**Requirement:** Omitting every picture, output the records below exactly, please.

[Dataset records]
---
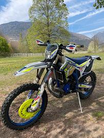 Vendo Sherco fse 300 factory 2t gommata 90% con cerchi takasago excel rim leve anti rottura piastre forcelle ricavate dal pieno agganci manubrio antirottura scarico completo fmf powercore 2 la moto è pronta a tutto montando qualsiasi tipo di protezione tra le quali: - protezione scarico in carbonio - protezione disco posteriore - protezione disco anteriore - protezioni steli - protezione motore e leveraggi - protezione cruna catena - paracolpi manubrio - protezione scarico - protezioni radiatori completa in alluminio - protezione telaio laterale La moto non ha mai corso, l’ho usata solo per brevi uscite domenicali. Inoltre si presenta in ottime condizioni salvo qualche segno dovuto alle uscite in enduro (con plastiche nuove la moto diventa nuova). Ha 130 ore di fabbrica (primo pistone ancora montato). vendo con libretti originali uso, manutenzione, kit revisione ecc.. ne sono rimaste solo poche essendo le ultime a carburatore, per altre foto/info scrivetemi. (insieme alla moto regalo testa S3 nuova mai montata del valore di 200€) No perditempo e no sognatori grazie!
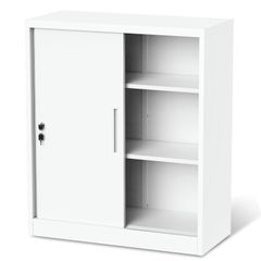 新品 DEWEL スチールロッカー 鍵付き書庫 鍵付きキャビネット スチール製 書庫 保管庫 収納庫 おしゃれ 業務用 法人、個人事業主様向け 3段 A4対応 可動棚 (ホワイト [引き戸]高さ105cm)
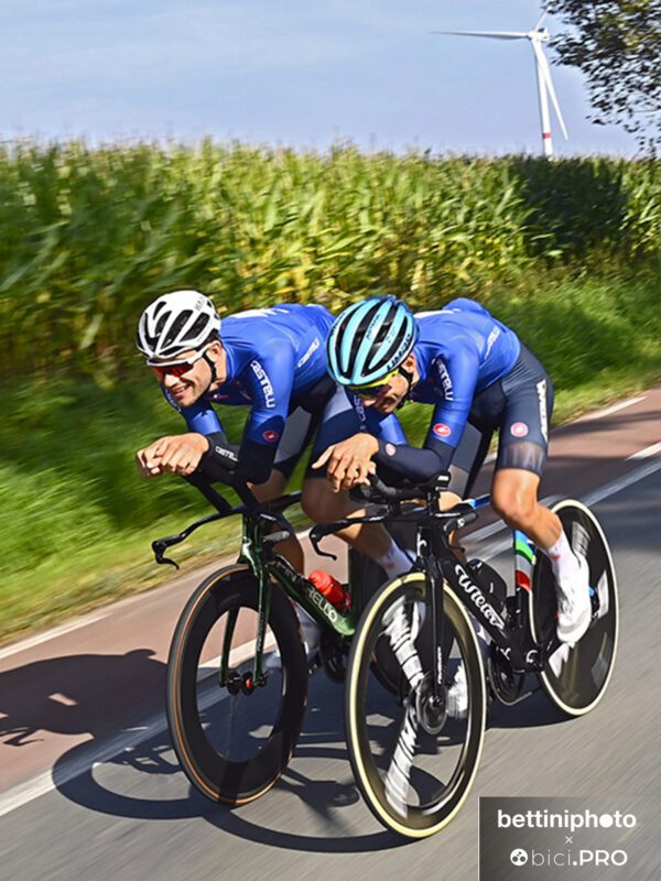 Gli azzurri per le sfide contro il tempo sono volati in Belgio mercoledì, con Villa e Velo. L’hotel sul Mare del Nord vicino alla partenza da Knokke-Heist e ieri la possibilità di provare il percorso con le strade chiuse (in apertura, Pippo con Sobrero). Un gran piattone, terreno di caccia per specialisti. Solo che le strade chiuse per provare hanno così sconvolto la circolazione, che quando all’arrivo gli under 23 hanno chiesto di riprovarlo, per Villa c’è stato da mettersi le mani nei capelli.
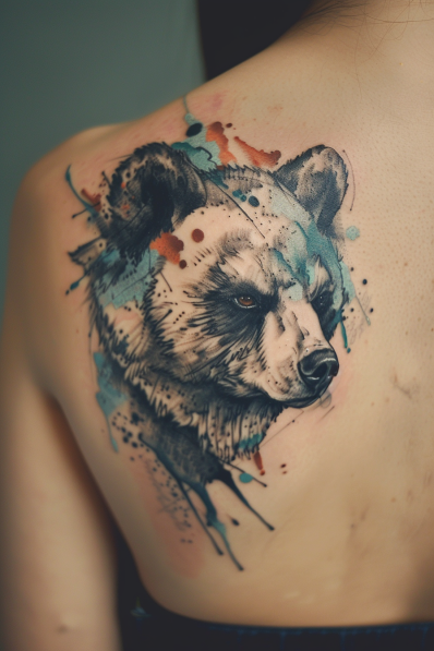 This back tattoo presents a beautifully stylized bear portrait, blending realism with artistic flair. The bear s expression is calm yet focused, with its fur rendered in precise black and gray tones. Surrounding the bear are vibrant watercolor splashes in teal, burnt orange, and crimson hues, giving the design a playful yet sophisticated edge. The drips and splatters create a sense of movement, as if the bear is emerging from a painter s canvas, bridging the gap between nature and art. The balance between clean, sharp lines and abstract colors makes this piece captivating from every angle.
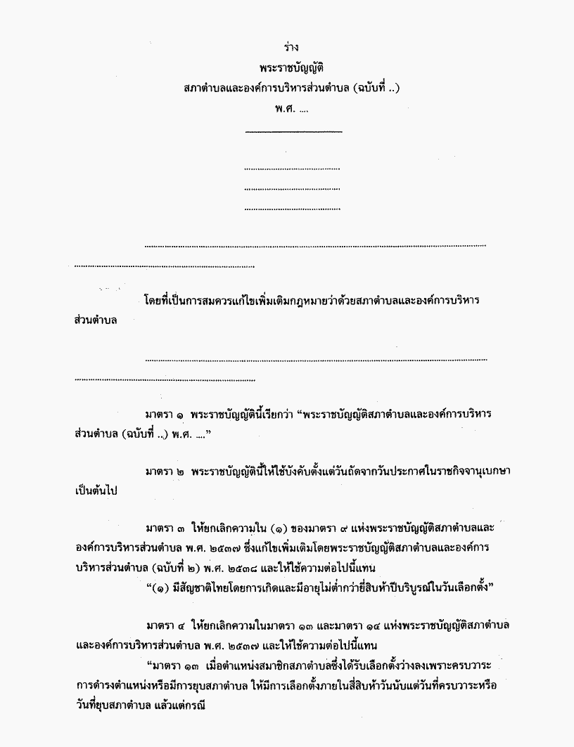 • ร่างพระราชบัญญัติสภาตำบลและองค์การบริหารส่วนตำบล (ฉบับที่ ..) พ.ศ. ....
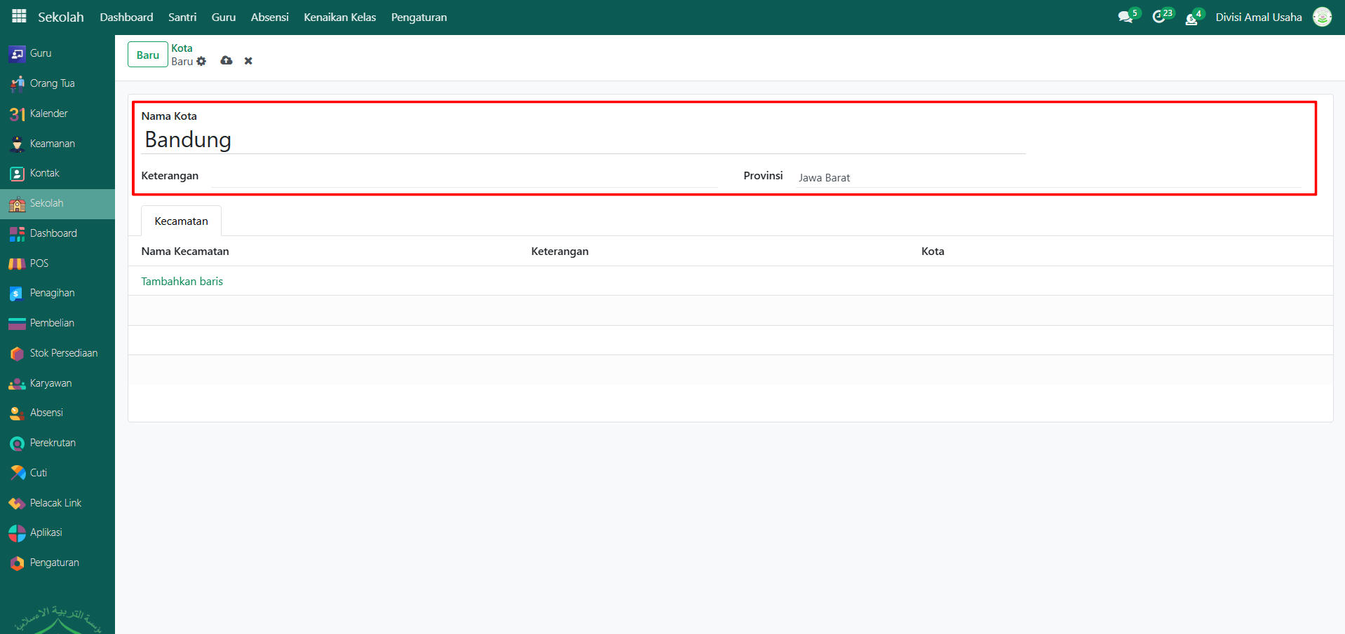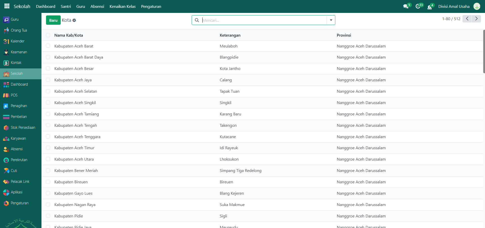 Berikut adalah langkah-langkah untuk melihat dan menambahkan data kota pada Odoo Pesantren.
---
**Result below:**
 Vendo Sherco fse 300 factory 2t gommata 90% con cerchi takasago excel rim leve anti rottura piastre forcelle ricavate dal pieno agganci manubrio antirottura scarico completo fmf powercore 2 la moto è pronta a tutto montando qualsiasi tipo di protezione tra le quali: - protezione scarico in carbonio - protezione disco posteriore - protezione disco anteriore - protezioni steli - protezione motore e leveraggi - protezione cruna catena - paracolpi manubrio - protezione scarico - protezioni radiatori completa in alluminio - protezione telaio laterale La moto non ha mai corso, l’ho usata solo per brevi uscite domenicali. Inoltre si presenta in ottime condizioni salvo qualche segno dovuto alle uscite in enduro (con plastiche nuove la moto diventa nuova). Ha 130 ore di fabbrica (primo pistone ancora montato). vendo con libretti originali uso, manutenzione, kit revisione ecc.. ne sono rimaste solo poche essendo le ultime a carburatore, per altre foto/info scrivetemi. (insieme alla moto regalo testa S3 nuova mai montata del valore di 200€) No perditempo e no sognatori grazie!
 新品 DEWEL スチールロッカー 鍵付き書庫 鍵付きキャビネット スチール製 書庫 保管庫 収納庫 おしゃれ 業務用 法人、個人事業主様向け 3段 A4対応 可動棚 (ホワイト [引き戸]高さ105cm)
 Gli azzurri per le sfide contro il tempo sono volati in Belgio mercoledì, con Villa e Velo. L’hotel sul Mare del Nord vicino alla partenza da Knokke-Heist e ieri la possibilità di provare il percorso con le strade chiuse (in apertura, Pippo con Sobrero). Un gran piattone, terreno di caccia per specialisti. Solo che le strade chiuse per provare hanno così sconvolto la circolazione, che quando all’arrivo gli under 23 hanno chiesto di riprovarlo, per Villa c’è stato da mettersi le mani nei capelli.
 This back tattoo presents a beautifully stylized bear portrait, blending realism with artistic flair. The bear s expression is calm yet focused, with its fur rendered in precise black and gray tones. Surrounding the bear are vibrant watercolor splashes in teal, burnt orange, and crimson hues, giving the design a playful yet sophisticated edge. The drips and splatters create a sense of movement, as if the bear is emerging from a painter s canvas, bridging the gap between nature and art. The balance between clean, sharp lines and abstract colors makes this piece captivating from every angle.
 • ร่างพระราชบัญญัติสภาตำบลและองค์การบริหารส่วนตำบล (ฉบับที่ ..) พ.ศ. ....
 Berikut adalah langkah-langkah untuk melihat dan menambahkan data kota pada Odoo Pesantren.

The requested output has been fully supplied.